Switching Output Medium at Runtime

from pipecat.frames.frames import LLMUpdateSettingsFrame

# Switch to text-only output
await task.queue_frame(
    LLMUpdateSettingsFrame(
        settings={"output_medium": "text"}
    )
)

# Switch back to voice output
await task.queue_frame(
    LLMUpdateSettingsFrame(
        settings={"output_medium": "voice"}
    )
)

Notes

  • Audio-native model: Ultravox processes audio directly rather than relying on a separate STT step. Voice transcriptions are provided for reference but may not always align with the model’s understanding of user input.
  • Server-side context management: Ultravox handles conversation context server-side. The LLM context in Pipecat is only used for passing function call results back to the service.
  • Audio sample rate: The service uses a 48kHz sample rate.
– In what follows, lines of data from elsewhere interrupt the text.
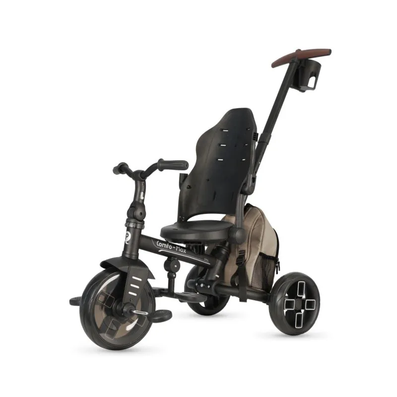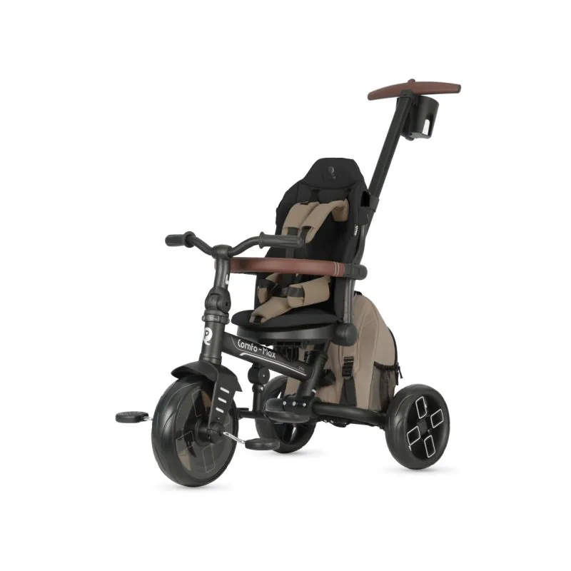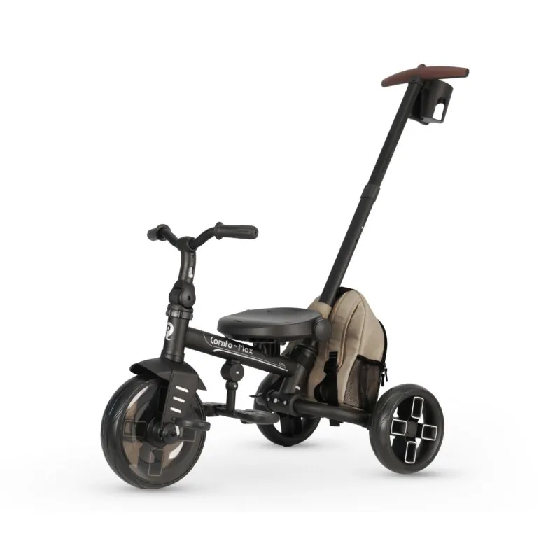 Kol vaikas išmoks savarankiškai vairuoti ir valdyti triratuką, tėveliai stumdami triratuką reguliuos važiavimo kryptį.
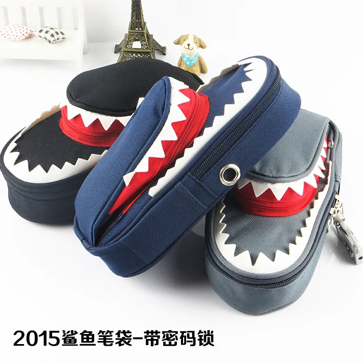 Мальчики Девочки личности Канцелярские Творческий Акула Большой Ёмкость холст школьный пенал карандаш сумка пенал с кодовым замком
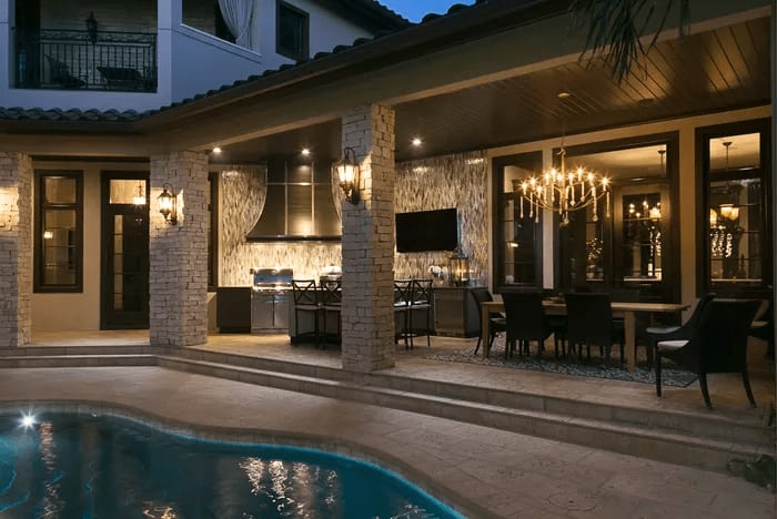 If you live in a state like Florida, you can invest in an outdoor kitchen knowing that it will get year-round use. This formal Florida outdoor kitchen and dining space from Lisa Gilmore Design is fully equipped and lit for poolside cooking and dining thanks to built-in lighting on the ceiling, the cooking and prep spaces, and a giant chandelier over the dining table.
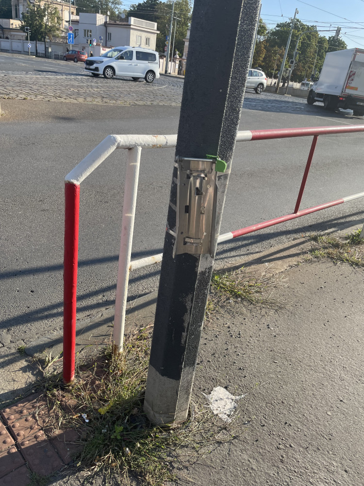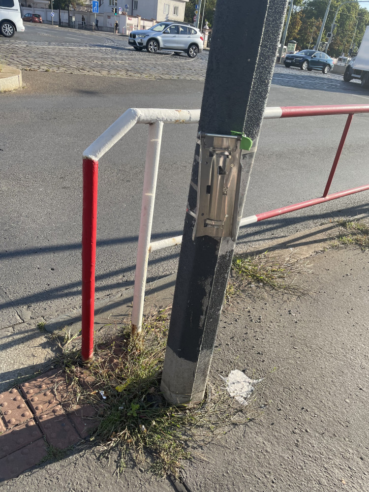 Chybějící odpadkový koš ,zůstal jen zbytek
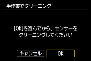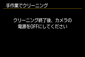 - 撮像素子の清掃中にバッテリーの残量が少なくなると、警告のため電子音が鳴ります。作業を中止し、清掃を終了してください。
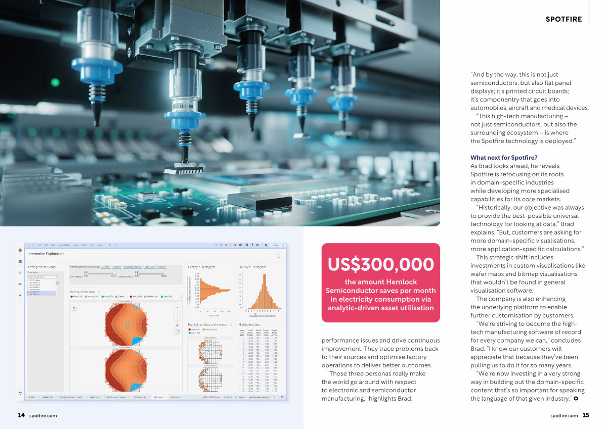 “ This high-tech manufacturing – not just semiconductors, but also the surrounding ecosystem – is where the Spotfire technology is deployed.”
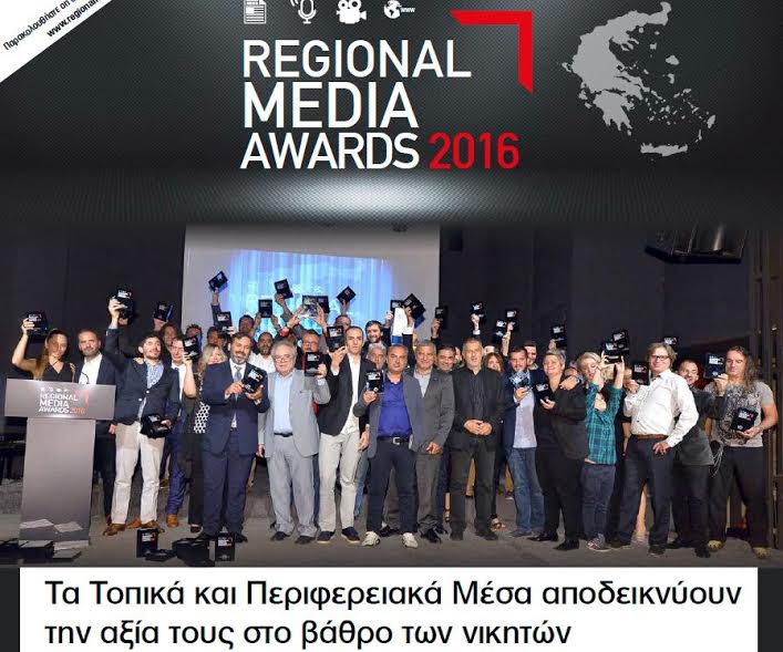 ΒΡΑΒΕΥΣΗ ΚΑΙ ΠΑΝΕΛΛΑΔΙΚΗ ΔΙΑΚΡΙΣΗ ΤΗΣ ΙΣΤΟΣΕΛΙΔΑΣ “GRAFIDA.ΝΕΤ” ΣΤΑ REGIONAL MEDIA AWARDS 2016

Input audio at different sample rates is automatically resampled.
  • Output medium: The service supports both "voice" and "text" output modes, switchable at runtime using LLMUpdateSettingsFrame.
  • Call duration limits: When using AgentInputParams or OneShotInputParams, you can set a maximum call duration between 10 seconds and 1 hour.
  • Tools with agents: When using AgentInputParams, tools are configured on the agent itself. Use one_shot_selected_tools only with OneShotInputParams.